Einteiler. Ebony trauert um Jay.

Lacrimae

Vernichtende Dunkelheit umhüllte sie. Sanfte Sonnenstrahlen beschienen den Raum, doch davon nahm sie keine Notiz. Einsam und unglücklich saß Ebony auf der roten Couch und lauschte der Stille. Ihr Blick war starr auf den Boden gerichtet, sie betrachtete die schwarz-roten Punkte, die sich ständig wiederholten, bis sie schließlich vor ihren Augen verschwammen und eine Flut von Tränen Zeugen ihrer Verzweiflung wurden.

Ihre Gedanken schweiften zu der Person, die für ihren angeschlagenen Zustand verantwortlich war und neben der tiefen Trauer stiegen nun Gefühle von unbändiger Wund in ihr auf. Es war ihr vollkommen bewusst, dass sie sich in der Vergangenheit unzählige Male nicht richtig verhalten hatte und dieser Ausdruck war maßlos untertrieben.

Aber er hatte ihr Gewissen, das sie für so lange Zeit abgestellt hatte, wach gerüttelt und Gefühle wie Reue und Besserungswünsche in ihr hervorgerufen. Er hatte sie mir seiner Liebe überschüttet und zum ersten Mal in ihrem Leben war sie wirklich glücklich gewesen.

Und dann war sie aufgetaucht. Amber. Und alles was Ebony und Jay mühsam aufgebaut hattten, hatte sie einfach zerstört. Oder hatte Jay von Anfang an nur ein übles Spiel mit ihr getrieben? Ambers Gelächter hallte in ihren Ohren wider und ein neuer Tränenfluss überkam sie, während sie schmerzvoll daran zurückdachte, dass sich die Geschichte ein weiteres Mal wiederholt hatte. Vor Jahren hatte Amber Bray bekommen. Doch das war ihr anscheinend nicht genug. Wieder einmal hatte sie ihr das geraubt, was ihr am meisten bedeutete. Amber hatte gewonnen. So wie sie immer gewann.

Die Frage war, wie sie nun damit umgehen sollte? Ihr größter Schwachpunkt war getroffen worden. Oder war es der einzige? Im Grunde spielte es keine Rolle.

Ein dumpfes Türklopfen unterbrach ihre Gedanken. Sie erschrak. Was, wenn Jay draußen stand?
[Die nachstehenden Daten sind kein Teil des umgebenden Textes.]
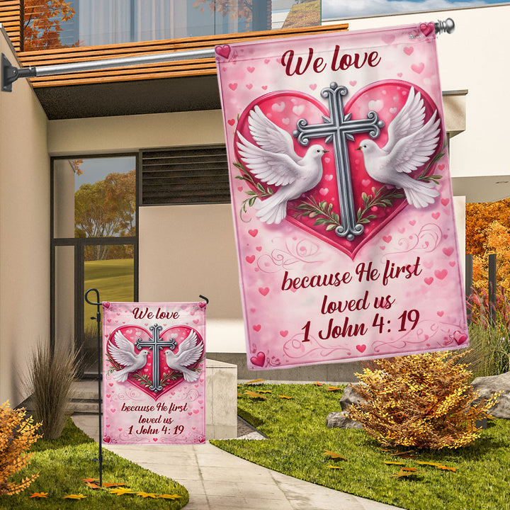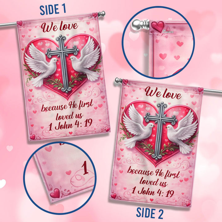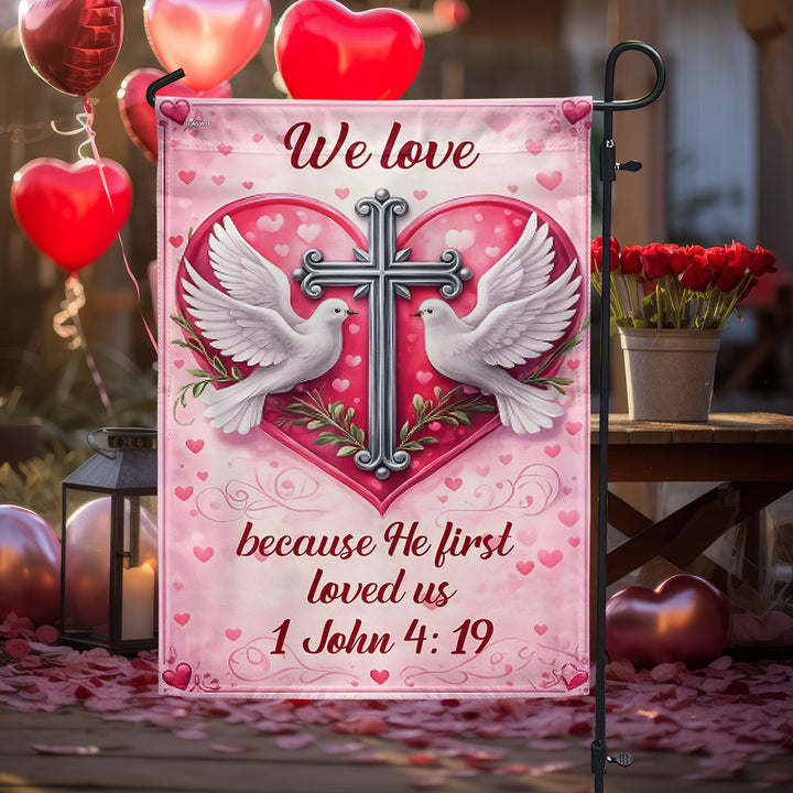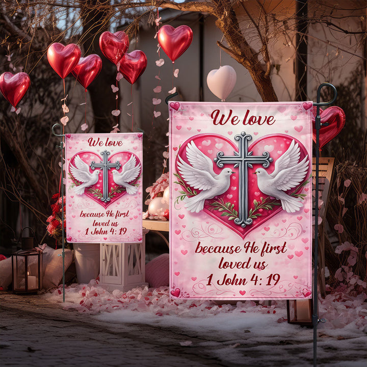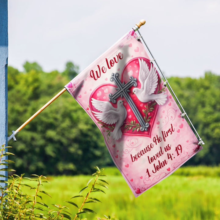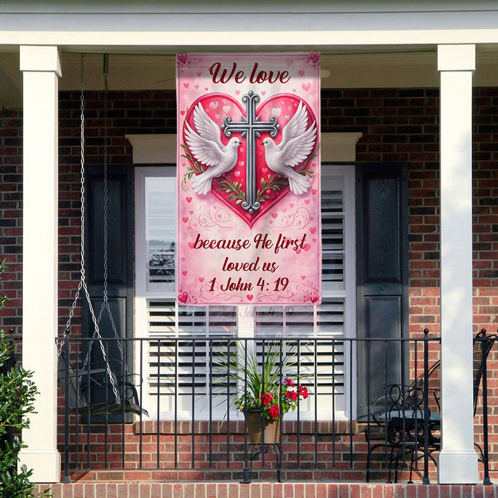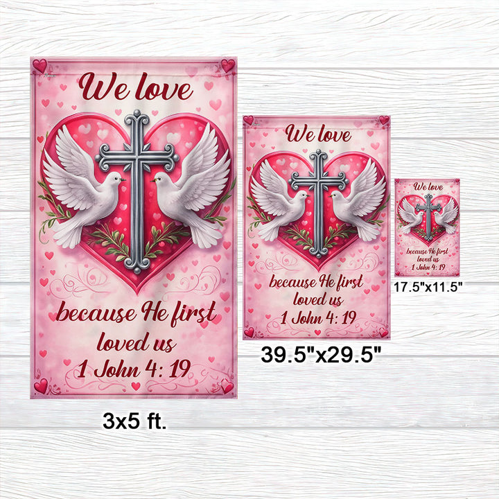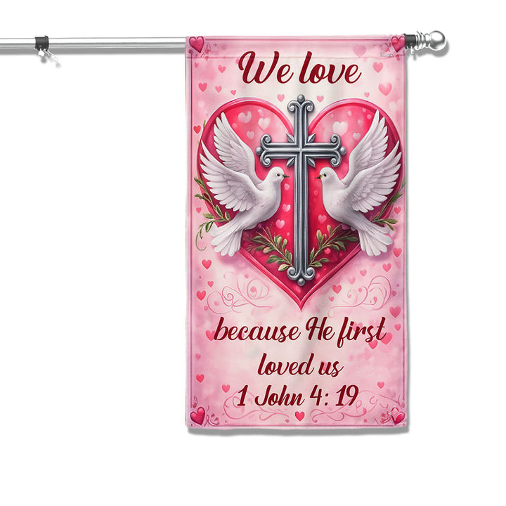 Christian Valentine Flag with Doves Cross, We love 1 John 4:19 Decor
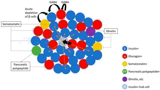 Schematic diagram showing the interdependency of islet cells. Evidence in the literature points to the possibility of the transdifferentiation (solid black arrows) of α-cells (red circle) via stimulation by gamma aminobutyric acid (GABA), and δ-cells (yellow circle) into insulin-containing β (like)-cells (blue circle). It is currently unclear whether the replenishment of β-cells from the transdifferentiation of α-cells is able to replace hub β-cells (light blue circle) which influence (yellow arrows) the function of other β-cells. Somatostatin, released from δ-cells, can inhibit the release of glucagon, insulin, and pancreatic polypeptide from α-, β-, and PP cells (green circle), respectively. Pancreatic polypeptide, released from PP cells, can inhibit the release of glucagon. Ghrelin, released from ghrelin-positive islet cells (purple circle), can inhibit insulin and somatostatin secretion.
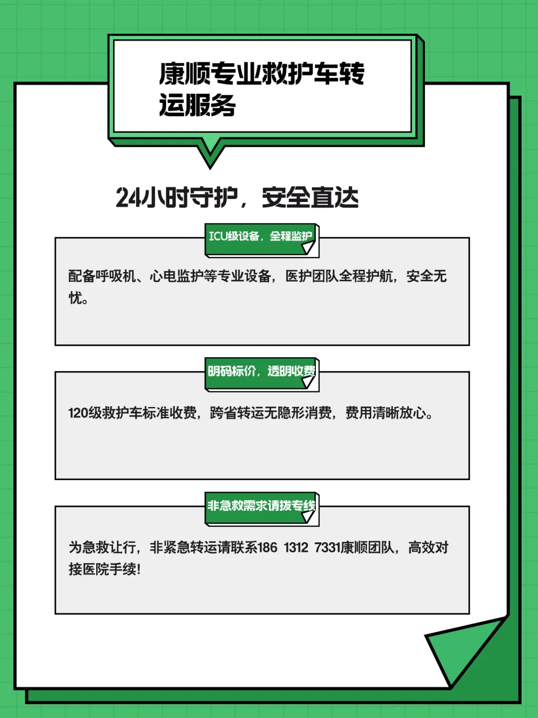 咨询或预约请拨186 1312 7331(微信同号),专业提供非急救医疗转运服务,24小时待命,安全护送每一位患者。
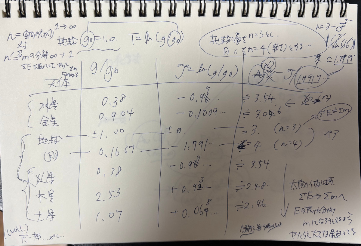計算式だけを教えて、AI に実際に計算してもらった、各天体の "n" です。
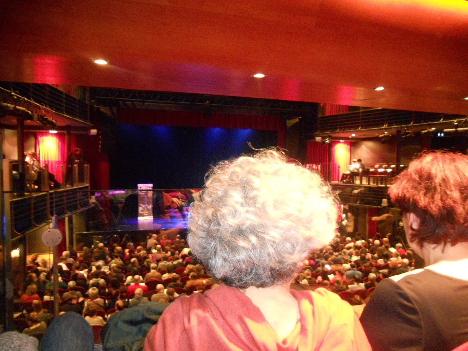 Me detuve un par de minutos a recoger un aparato de traducción simultánea (la entrevista iba a ser en italiano) y entre en la sala que ya conocía ya que había acudido a ver Enrique VIII unos meses atrás. Pronto comprendí que la primera planta estaba llena al 100 % así que subí a la primera planta y conseguí asiento en la segunda fila. Miré el reloj, eran las 15:45 y la charla debía empezar a las 16:30. Miré a mi alrededor, los asientos iban siento ocupados y los que no encontraron sitio en la segunda planta subieron a la tercera. No sé de cuanto es el aforo de la sala Barts, pero a ojo calculo que cerca de mil personas habían acudido a escuchar a Camilleri.A las 16:40 empezó y duró hasta las 18:00, seguramente nadie hubiese protestado por una duración más larga por lo bien que se expresa Camilleri y lo ameno de la charla pero también se debe tener en cuenta que Andrea tiene 88 años y debía coger un avión hoy sábado para volver a Roma.
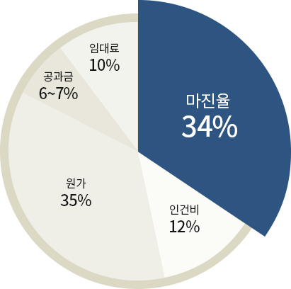 하지만 높은 객단가로 전 지점 최소 25% 이상의 순마진율을 자랑합니다.
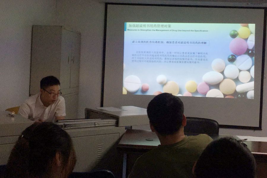 这次讲课是由儿科药房王善奇主讲,讲课的题目是《超说明书用药的浅析》。王善奇围绕超说明书用药现状和认识误区,超说明书用药原因,超说明书用药实例,加强超说明书用药管理对策等四个方面进行了讲课。

Sie schluckte den Kloß in ihrem Hals hinunter und versuchte, es ihrer Stimme nicht anmerken zu lassen, dass sie geweint hatte. „Wer ist da?", fragte sie, und ihre Stimme klang kalt und abweisend, so wie sie es immer tat.

„Ich bin's nur.", antwortete eine ihr wohlbekannte Stimme und sie stieß erleichtert die Luft aus, die sie, ohne es selbst zu bemerken, angehalten hatte. „Die Tür ist offen, komm herein," forderte sie ihre Besucherin auf, ohne aufzustehen. Dies tat sie erst, als sie das verquollene Gesicht ihrer eintretenden Schwester sah. „Welche Ironie," bemerkte sie sarkastisch. „Du siehst genauso aus, wie ich mich fühle."

Ihre Schwester versuchte sich die Tränen aus ihren Augen wegzublinzeln, was ihr jedoch nicht gelang. „Könntest du für einen Moment den Streit und Hass einfach vergessen und... meine Schwester sein?" Mit der eben formulierten Bitte hatte Ebony niemals gerechnet und als sie in ihrem Kopf die Worte nochmals wiederholte stiegen auch ihr wieder die Tränen in die Augen.

„Komm her, Sivi," flüsterte sie und die beiden weinenden Mädchen fielen sich in die Arme, ein Gefühl, das sie beide lang vermisst hatten, wie sie insgeheim zugeben mussten. Während dieser Szene stand die dritte Schwester etwas abseits von diesem Raum. Und trocknete ihre eigenen Tränen.